Once more the backs of the men bent to the strain. The moving picture boys, watching and waiting; filled with anxiety even as they filmed the wreck, saw that the rise and fall of the waves had a good deal to do with the rescue.

"They can pull better when the waves don't wash over those two poor souls in the buoy," observed Blake.

"Yes, there's less resistance," agreed Joe. "Oh, there comes a big one!" and, as he spoke, an immense comber buried from sight the two whom the life-savers were endeavoring to pull from the grip of the sea.

"If they can only hold their breaths long enough, they may come through it," said Blake. "But it's a tough proposition."
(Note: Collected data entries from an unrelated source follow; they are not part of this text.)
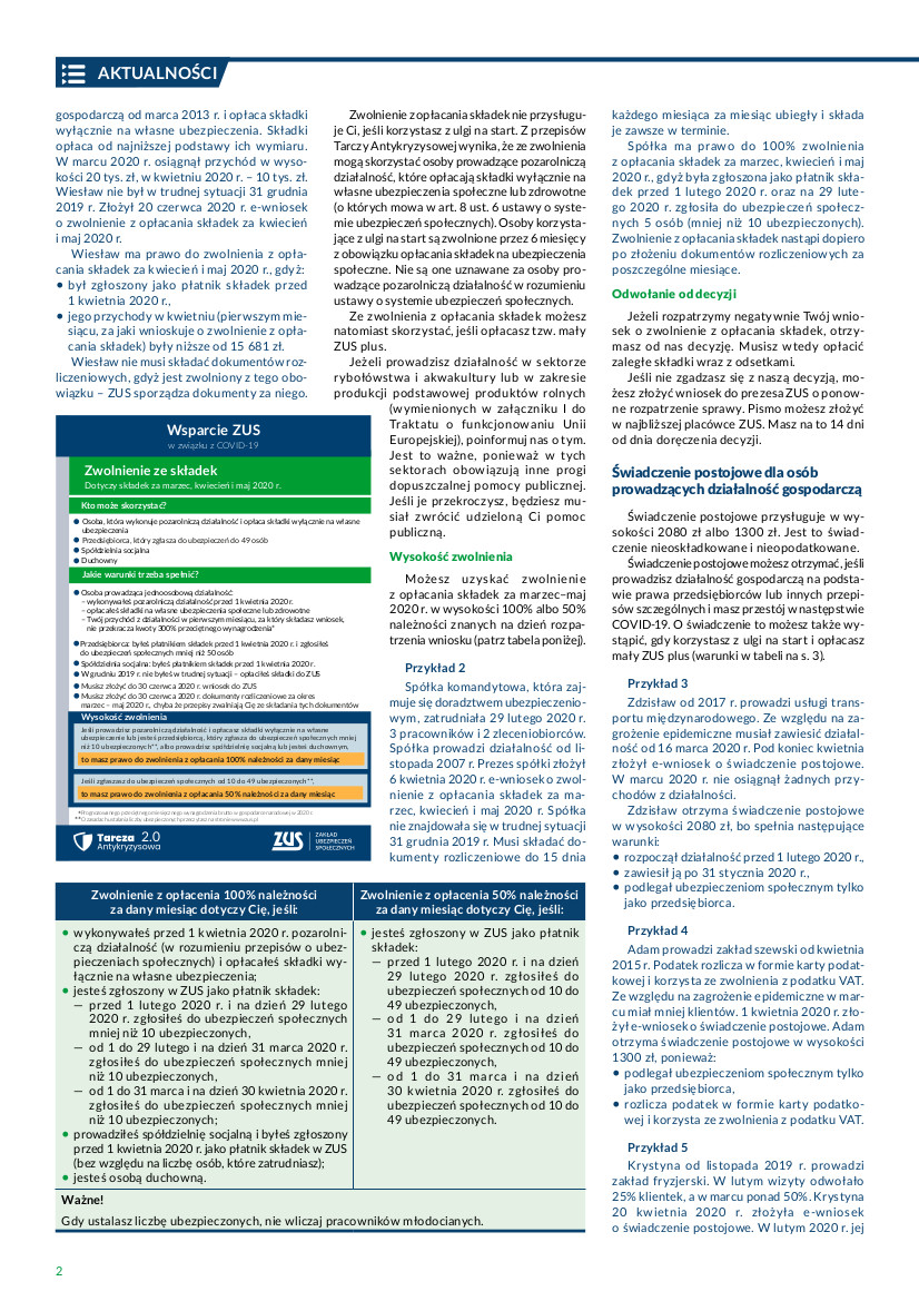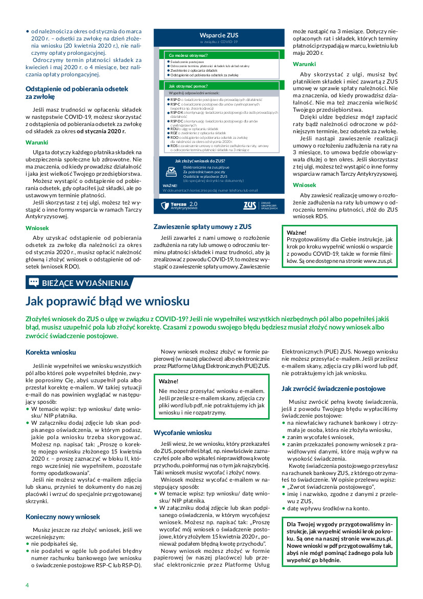 Wniosek o zwolnienie z obowiązku opłacania należności z tytułu składek (RDZ) w nowej wersji (według zasad Tarczy 2.0) zostanie udostępniony na PUE ZUS wkrótce. Nie trzeba jednak czekać do tego momentu z jego złożeniem przez PUE ZUS. Można skorzystać z wniosku, który jest aktualnie dostępny na portalu. W tym wniosku, płatnik, który zgłosił do ubezpieczeń mniej niż 50 ubezpieczonych lub jest płatnikiem – spółdzielnią socjalną, w części II wniosku powinien wypełnić pkt. 1.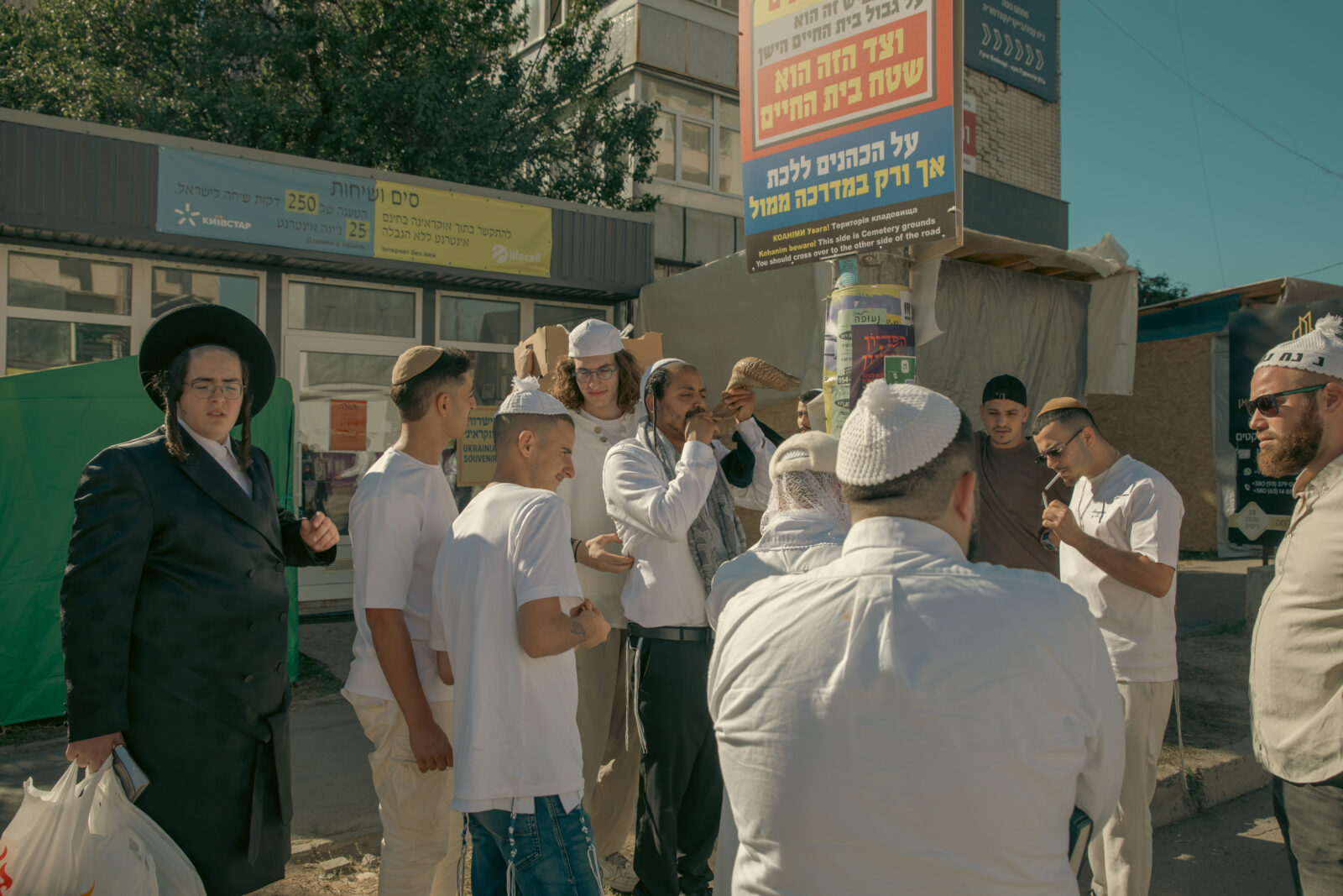 Les pèlerins français, eux, se montrent plus anxieux. Yossef, venu pour la première fois, raconte : « Ma mère pleurait quand je suis parti. Elle me disait : pourquoi y aller ? Il y a la guerre. » Recouvert de porte‐bonheurs achetés sur place, coiffé d’une kippa tricotée blanche typique des Bratslaver, il se fend d’une plaisanterie avant d’admettre : « Je ne vais pas mentir, j’avais un peu peur aussi. Mais ici, l’ambiance est magnifique, on sent l’amour d’HaShem. Depuis que je suis à Ouman, je me sens en sécurité. Cela dit, j’envoie un message à ma mère dès que je peux. »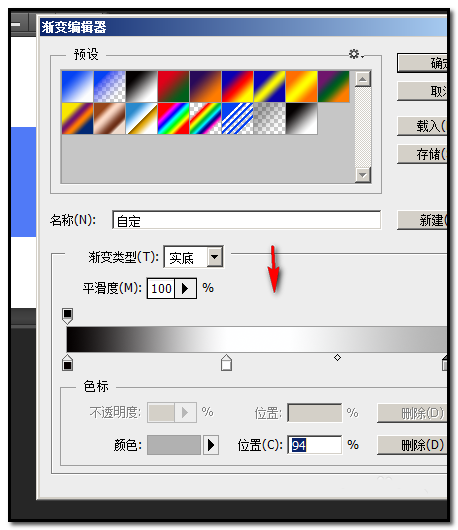 9、点渐变工具;在渐变编辑器这里,如下图所示这样设置。

"It sure is," agreed his chum. They had gone back to snap a few pictures, and then, finding that the automatic apparatus was working well, they again joined the group on the sands.

"Another pull or two and we'll have 'em ashore!" yelled the captain. "Lively, men!"

As he spoke a grizzled seaman rushed up to him.

"That anchor's slippin' ag'in!" he bellowed through the noise of the storm. "I can't put sand on fast enough to hold it!"

"Then I'll have some one help you!" cried the captain. "Here, Si Watson! You git back there and help Jim pile sand on that anchor. It mustn't be allowed to pull out--do you understand? It mustn't pull out if--if you have to--sit on it!"

"Aye--aye, sir," was the answer, and the two men ran back to where the anchor was buried in the beach, to pile the sand on with the shovels provided for that purpose.

"Now one more pull, and we'll have 'em safe!" yelled the captain a little later, and with a mighty haul his men bent to their task.

"There they come through the last line of surf!" yelled Joe, pointing to the buoy containing the two shipwrecked persons.

"If only the rope holds," murmured his chum.

Even as he spoke there came a cry from the two men who had been sent to watch that the anchor in the sand did not drag.

"It's coming! It's coming out!" shouted one of them.

"Sit on it! Hold it down!" yelled the captain. "Into the water after 'em, boys! Come on, ye old seadogs!"

There was a snap--the rope had parted, but so near to the beach were the two that the life-savers waded into the foam and spume, and grabbed them, holding them safe.

They were hauled to the beach, on which huddled the others who had been saved from the wreck.

The lone woman had been taken in charge by the feminine members of the theatrical troupe, who led her toward their boarding house. They said they would soon have hot coffee ready for all the sailors.

"Get 'em out of the buoy!" cried the captain, as the two last rescued were seen to be well-nigh insensible. They were assisted out, and sank helpless on the sand.

"Pretty far gone," remarked a life saver. "One must be the captain, I reckon."

"And the other," began Harry Stanton, keeper of the Rockypoint light; "the other--why, if it isn't Nate Duncan, who used to be my assistant! He came out of the wreck--Nate Duncan!"